Honestly what is wrong with 'just works'. If the policies behind the project and the security and privacy is all in place using this option is nothing wrong.
For linux to grow it needs to be more 'just works'. Let the complex stuff and simple stuff be there. It's not one or the other.
When I was younger, tinkering around was a hobby in itself. But today I actually used my machine and I want it to work without hassle. I don't want to think about swap partition sizes, modeset kernel parameters and that kind of stuff. I want a reliable tool.
That's why so many devs use MacBooks. They're essentially Unix machines with a proper GUI and mostly work absolutely flawlessly.
I've been using MacBooks for over ten years now and had exactly one crash: when the drive was failing so hard, it couldn't even spin up anymore.
This is exactly me. For a server it’s Linux but for everyday use/work a MacBook Pro is great. It just works. It’s great as you can fire up the command line to manage Linux servers easily. That’s how I admin my Lemmy Ansible install.
For gaming I use Windows. It’s all about the best tool for the job.
You might want to configure it from scratch, with exactly the tools and utilities you want (e.g. networking utility, desktop environment). Or you might just find this process fun and interesting. Some people take issue with how Canonical is run, and decisions they make.
I think it's funny that so many Linux users talk about how locked down Windows is, when 90% of them live in an effective walled garden defined by their package manager, or other inborn restriction of their distro. I doubt that even 10% are compiling from source with any regularity.
Why do you need to wait for someone to repackage FF for you before you install it? Just go get it if you run Arch BTW, but you know the overwhelming majority of ArchBros really only know how to install it through Pacman.
What‘s wrong with installing software from a package manager when the package I need is on there and has a decently up to date version?
If its not on there I can still build from source.
When I‘m in a situation where I just need a specific lib or cli tool or whatever and don‘t have time to potentially debug a niche compile error, installing from a package manager is more convenient and saves time.
Regardless of whose fault it is, it's unacceptable that half the people with a discrete GPU have nigh incompatible hardware. It's more akin to using snow tires breaking your car than a jet engine.

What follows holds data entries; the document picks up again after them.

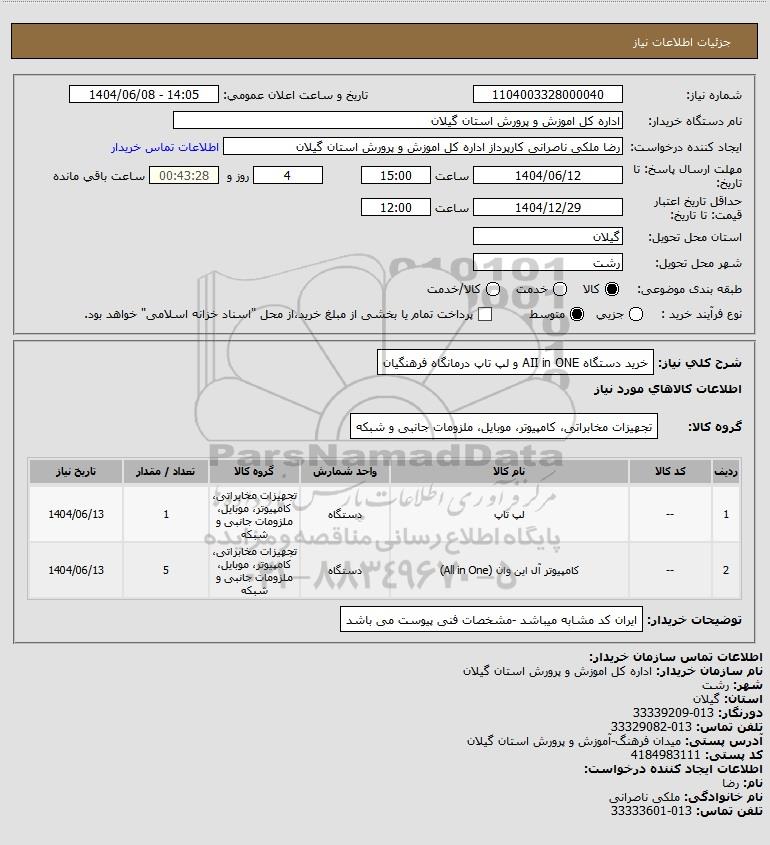 نام دستگاه خریدار:اداره کل اموزش و پرورش استان گیلان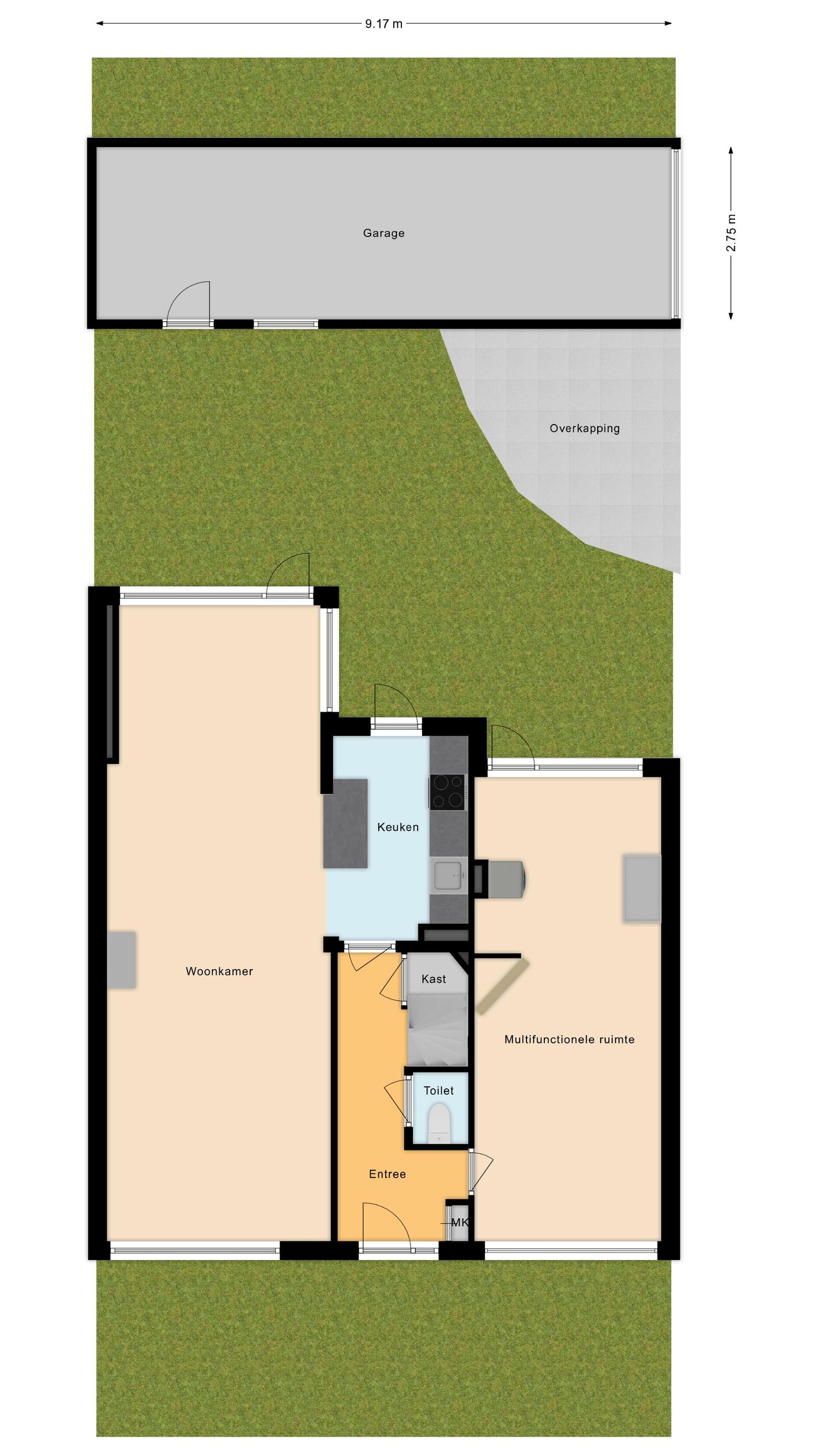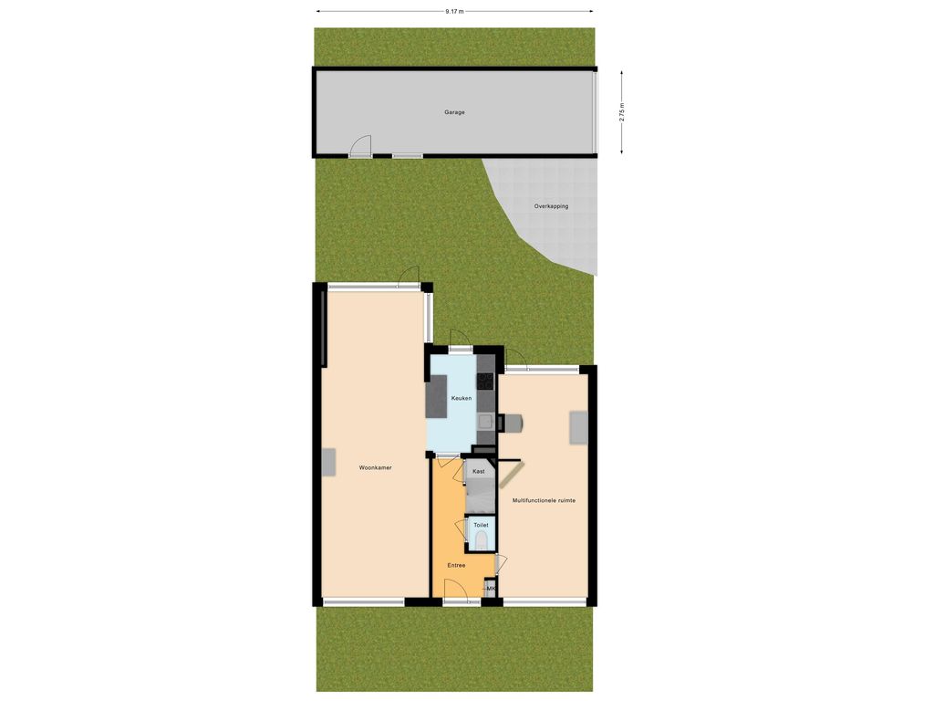 Achter op het perceel bevindt zich de verlengde garage van circa 2,70 x 9,20 meter, geschikt voor parkeren, opslag of hobbygebruik.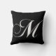 Coussin blanc noir du monogramme M. Cette police élégante de remous transforme votre initiale de monogramme en coussin décoré d'un monogramme élégant de concepteur. Grand pour votre chambre à coucher, chaise préférée, comme décor d'amusement dans votre chambre familiale ou addition décorative formelle à votre salon. Personnaliser avec votre couleur d'arrière - plan. Pour d'autres lettres de l'alphabet entrez en contact avec svp MONOGRAMGALLERY. Elke Clarke©

Not just that, but ever since F32 every single fricking update managed to either break something completely or made some part of the OS too unstable for daily use. Bluetooth issues, crashing display server, system hanging on suspend, broken bootloader on some Secure Boot sysems (handover from EUFI to bootloader no longer happening) therefore rendering the system completely unable to boot.. Just some issues I ran into when using Fedora as my daily driver for well over a year.
Fedora is great when it works, but always keep in mind that having a bleeding edge system comes at the cost of stability.
That was my experience ten years ago : mobile Geforce 660 with "Optimus", two flavours of drivers, of which none worked reliably. I remember fiddling with Nouveau & Bumblebee for hours.
I should try another, more stable distro on my desktop, but I rely a lot on some Windows-only programs.
I keep reading this, but I haven't had any issues at all over the past year with Fedora KDE and proprietary Nvidia drivers installed via flatpak. Is it more of a problem when installed via dnf?
Just works is definitely something Linux should strive for, but at least in my experience and in experience of my friends, "just works" has always been a poor experience.
What I'm talking about is how you install a just works distro like mint or garuda, and then some package refuses to work or maybe hardware such as a sound card or multi monitor setup, so you gotta go troubleshooting, which isn't very "just works". What's worse is that some of the issues aren't talked about/documented, so you pretty much have to rely on making a post and wait for potentially hours for a response to get help. It's also very hard to troubleshoot the system by yourself if you don't have experience, as you don't really know what's running under the hood as in what came prepackaged by the distro.
Complaining that something works or that people prefer things that work is a very backasswards critique and deepens the presumed stereotype that home Linux users are just nerds who only like to tinker (which is just partially true).